Second schema: Some applications require building a single index. For example on e-mail server it is not practical to build an index for every e-mail when a user receives emails form different sources and wants to search these e-mails. The previous scheme requires a user to download the key for every index and send the query encrypted with the key. Instead we need a technique to build one index for all e-mails.
The proposed technique works as follows. Suppose Bob wants to send a message to Sam. First Bob examines the document and produces a hash code for every word. Note that a hash algorithm with standard parameters, i.e. without a key, is used. This step is similar to the step in the first schema when the hash code splits into two parts. The first part will be used for indexing in the extendable hashing. It is sufficient to let the first part to be a size of 40 bits; this enables the extendable hashing method to build tera-page. For the second part a mask known Sam is applied. Bob also encrypts each word using symmetric key and associates it with the hash word for each word.
The whole document is encrypted using symmetric key and the key is encrypted using Sams public key like the first schema described above. When the server receives the encrypted document and the sequence of hash codes, it adds the hash codes block to Sams index using the first 40 bits. Then server saves the hash code and encrypted word in the page.
Now when Sam wants to search his mail box, he uses a hashing algorithm for the query and split the hash code into two parts. The first part is 40 bits long and the second consist of the remaining bits. A master mask is applied to the second part and then Sam sends the encrypted query to the server.
After receiving the encrypted query the server uses the first 40 bits (note that 40 bits is the maximum, the server usually uses less than this number) to traverse the tree and allocate the required page. The server then uses the remaining of the 40 bits and the second part of the query to search within the page. If a possible match is found, the server sends the encrypted word and the encrypted symmetric key to the client, so that the client can decrypt the word.
In this study an efficient cryptography system that enables users to search encrypted data in untrusted infrastructure by using PKI has been developed.

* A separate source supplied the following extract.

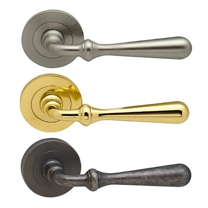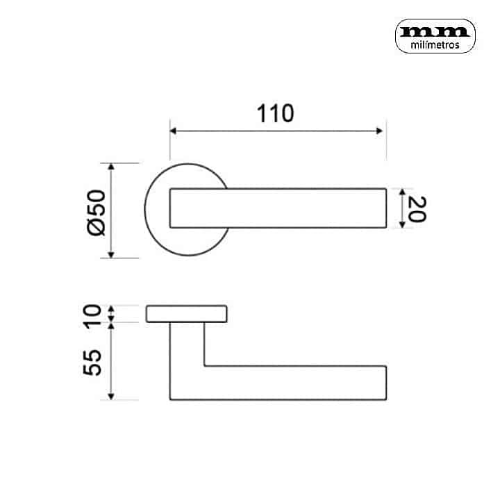 Manilla con roseta redonda de Ø50 mm para puertas de paso y de entrada. Una manivela cuyo diseño se integra perfectamente en cualquier decoración.

Two schemas have been presented. The first schema was suitable for applications that require a separate index for each portion of data like document-databases; the second schema may suitable for applications that require one index for different documents like e-mail messages. An efficient secure index based on extendible hashing approach also has been developed. The proposed system has other advantages such as minimizing communication overhead, minimizing computation on both server and client sides.